- Task description:
The pictures get dropped, while every remaining part of the listing is copied exactly.

- Information shown:
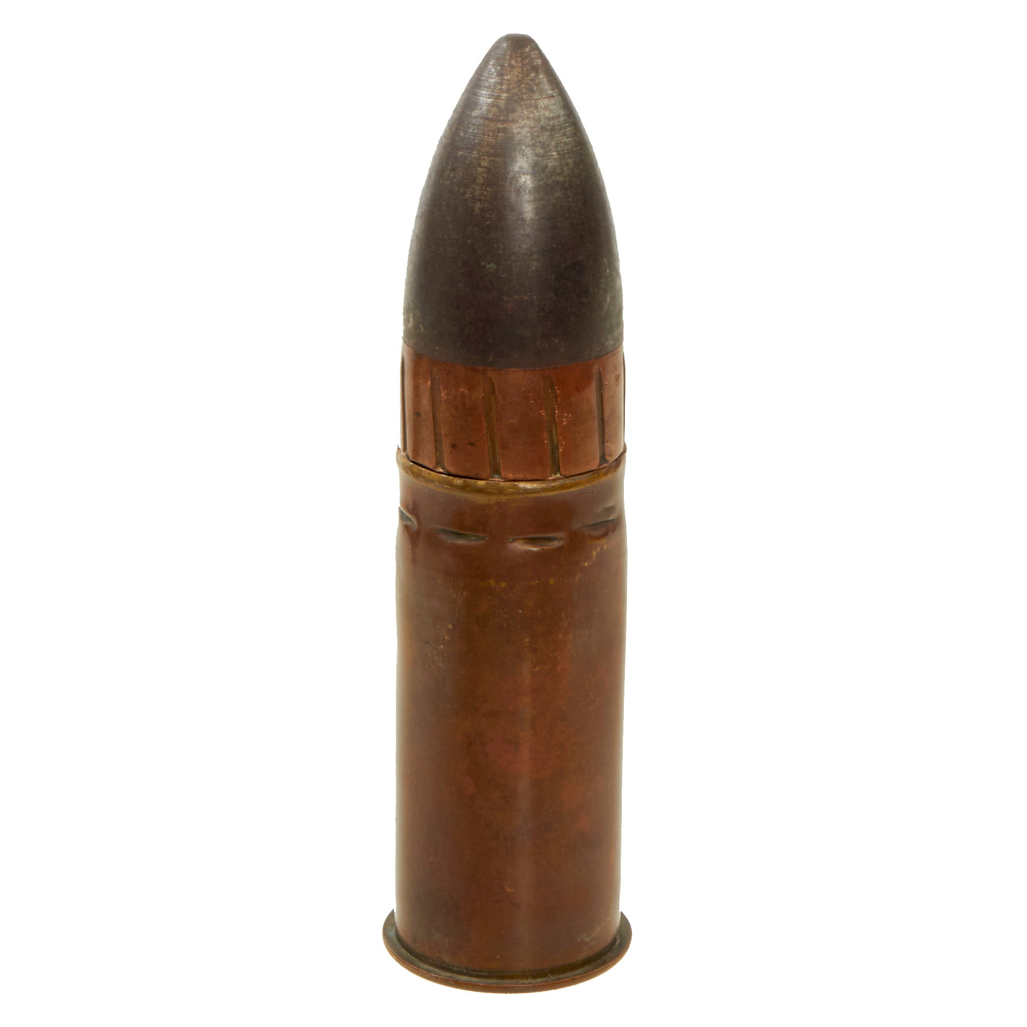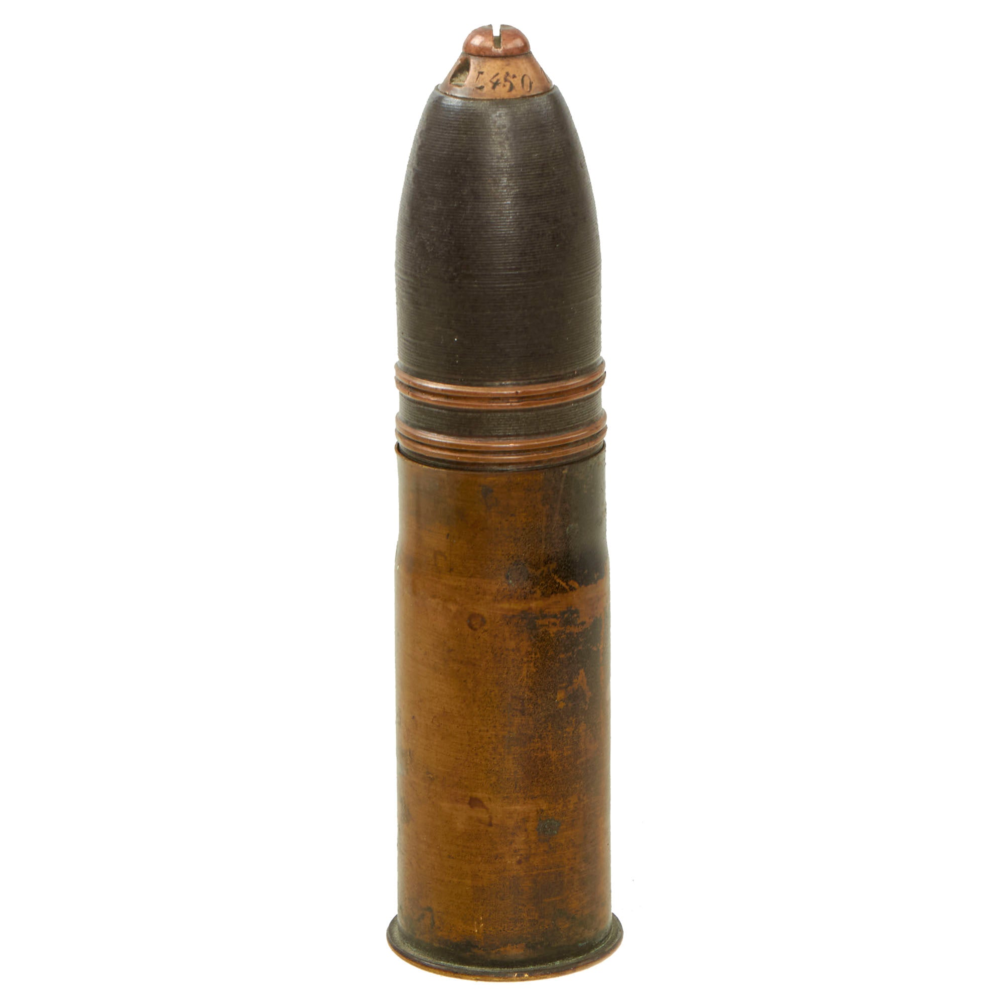 Original Items: Only One Lot of 3 Available. This is a fantastic lot of inert BATF compliant 37mm rounds as used with the “Infantry Gun Model 1917”. The rounds are in wonderful condition and still retain legible headstamps on the bottom of the casings. The 37 mm Infantry Gun Model 1917 was a light artillery piece produced in the United States during World War I for the French Army. It was adopted by the US Army when it entered the war on the side of the Allies.
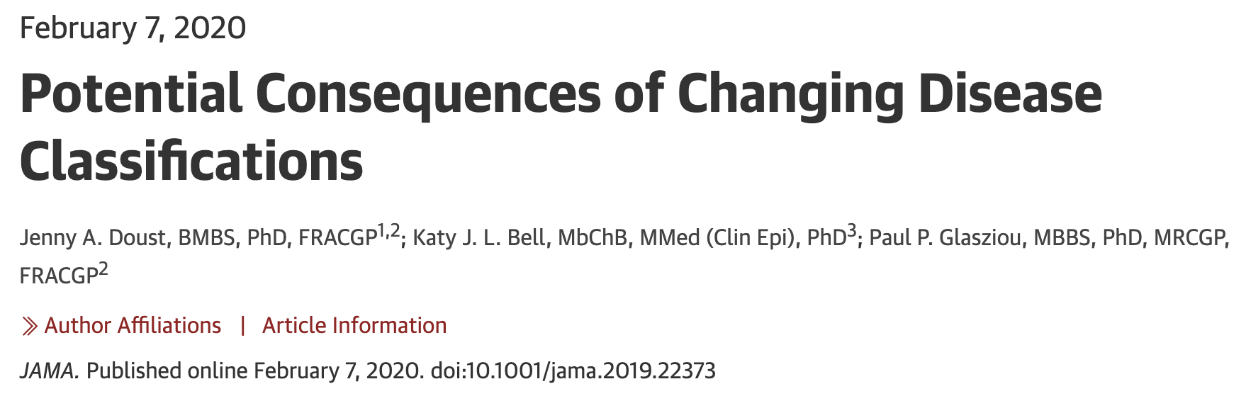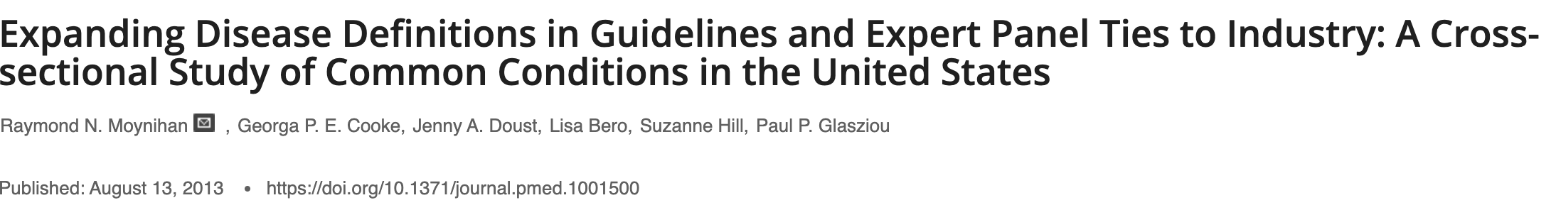 «Los clínicos tienden a pensar que las enfermedades son inmutables, que existen en la naturaleza como los elementos de la tabla periódica o los planetas. La literatura médica refuerza este mito cuando trasmite la idea de que los cambios son el resultado del aumento del conocimiento científico que mueve a la medicina hacia descripciones mejores y más precisas de entidades que están en la naturaleza. Pero, de hecho, las enfermedades no son fijas, e incluso con enfermedades comunes (como la diabetes, la depresión y la anemia), sus definiciones han cambiado considerablemente a lo largo del tiempo, con consecuencias significativas, desconocidas y potencialmente dañinas para los pacientes.»
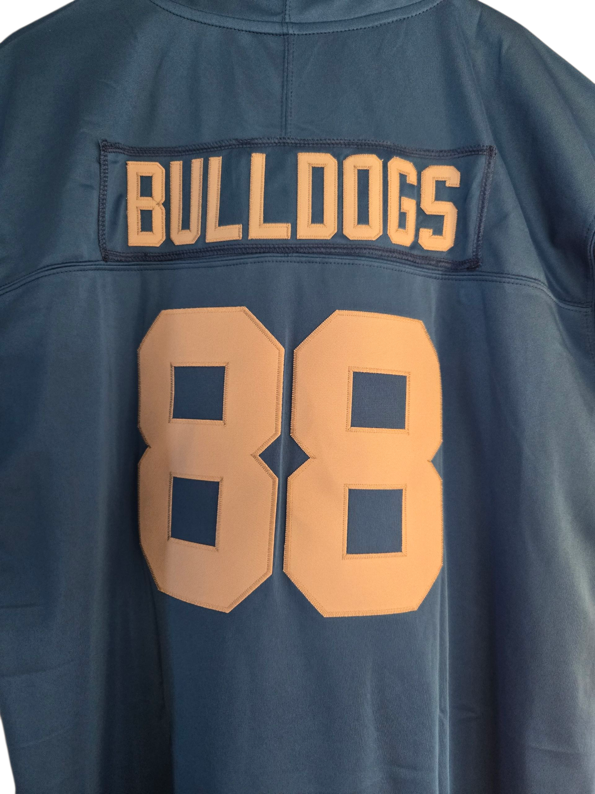 Dieses hochwertige American Football Trikot der Bulldogs in blau grau/weiß ist aus strapazierfähigem Polyester hergestellt. Die Nummer 88 und der Name sind aufgenäht. Mit einer Breite von 66cm und einer Länge von 86cm in Größe XXL und einer Breite von 64cm und einer Länge von 84cm in der Größe XL ist es perfekt für alle Football-Begeisterten.
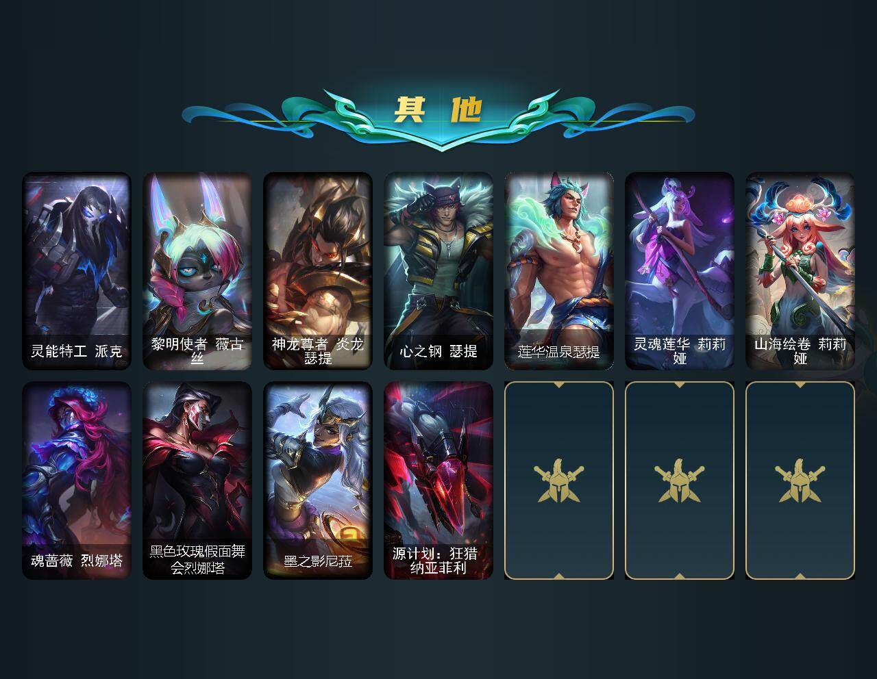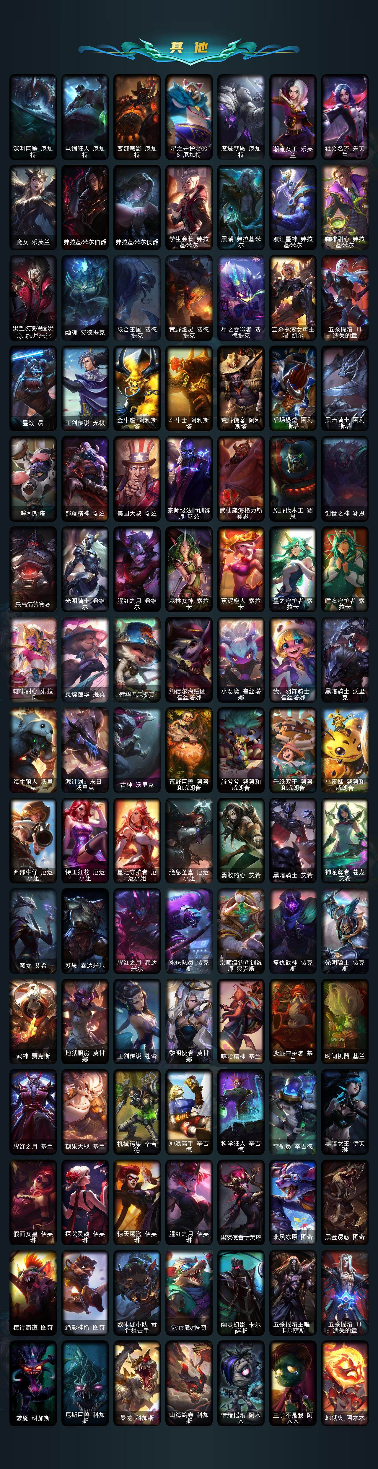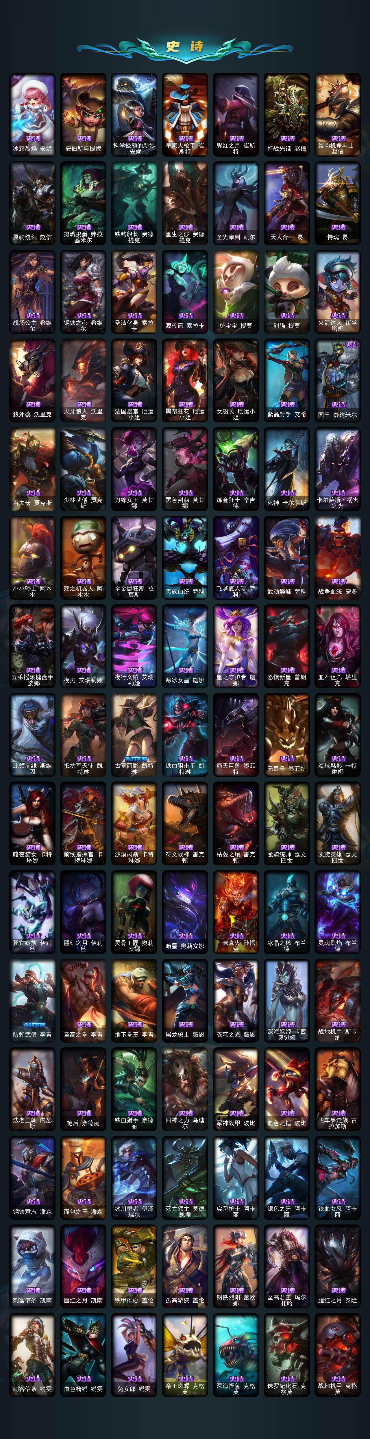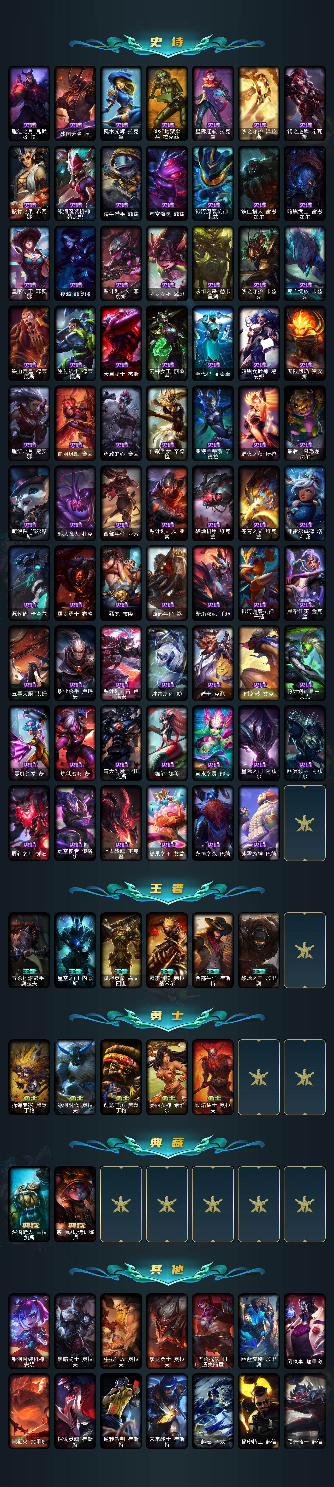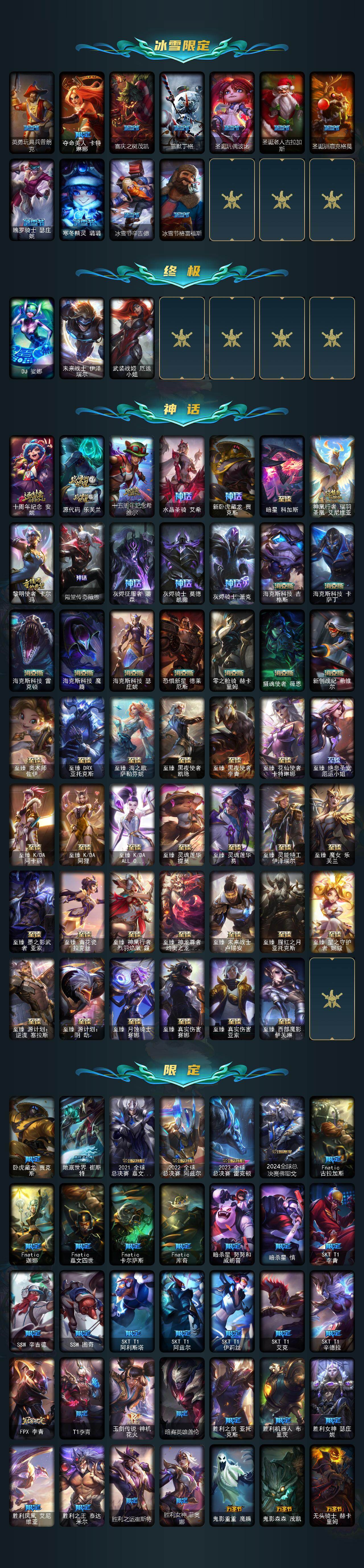 172英雄-864皮肤-172英雄/864皮肤/3终极/55神话/98限定/25臻彩/348炫彩/74传说/174史诗/黄金/十周年纪念 安妮/源代码 乐芙兰/十五周年纪念 希维尔/水晶圣骑 艾希/新卧虎藏龙 贾克斯/暗星 科加斯/神凰行者 瑞羽圣凰 艾尼维亚/黎明使者 卡尔玛/殿堂传奇薇恩/灰烬征服者 潘森/灰烬骑士 莫德凯撒/灰烬骑士 派克/海克斯科技 吉格斯/海克斯科技 卡萨丁/海克斯科技 雷克顿/海克斯科技

- Exercise answer:
 Original Items: Only One Lot of 3 Available. This is a fantastic lot of inert BATF compliant 37mm rounds as used with the “Infantry Gun Model 1917”. The rounds are in wonderful condition and still retain legible headstamps on the bottom of the casings. The 37 mm Infantry Gun Model 1917 was a light artillery piece produced in the United States during World War I for the French Army. It was adopted by the US Army when it entered the war on the side of the Allies.
 «Los clínicos tienden a pensar que las enfermedades son inmutables, que existen en la naturaleza como los elementos de la tabla periódica o los planetas. La literatura médica refuerza este mito cuando trasmite la idea de que los cambios son el resultado del aumento del conocimiento científico que mueve a la medicina hacia descripciones mejores y más precisas de entidades que están en la naturaleza. Pero, de hecho, las enfermedades no son fijas, e incluso con enfermedades comunes (como la diabetes, la depresión y la anemia), sus definiciones han cambiado considerablemente a lo largo del tiempo, con consecuencias significativas, desconocidas y potencialmente dañinas para los pacientes.»
 Dieses hochwertige American Football Trikot der Bulldogs in blau grau/weiß ist aus strapazierfähigem Polyester hergestellt. Die Nummer 88 und der Name sind aufgenäht. Mit einer Breite von 66cm und einer Länge von 86cm in Größe XXL und einer Breite von 64cm und einer Länge von 84cm in der Größe XL ist es perfekt für alle Football-Begeisterten.
 172英雄-864皮肤-172英雄/864皮肤/3终极/55神话/98限定/25臻彩/348炫彩/74传说/174史诗/黄金/十周年纪念 安妮/源代码 乐芙兰/十五周年纪念 希维尔/水晶圣骑 艾希/新卧虎藏龙 贾克斯/暗星 科加斯/神凰行者 瑞羽圣凰 艾尼维亚/黎明使者 卡尔玛/殿堂传奇薇恩/灰烬征服者 潘森/灰烬骑士 莫德凯撒/灰烬骑士 派克/海克斯科技 吉格斯/海克斯科技 卡萨丁/海克斯科技 雷克顿/海克斯科技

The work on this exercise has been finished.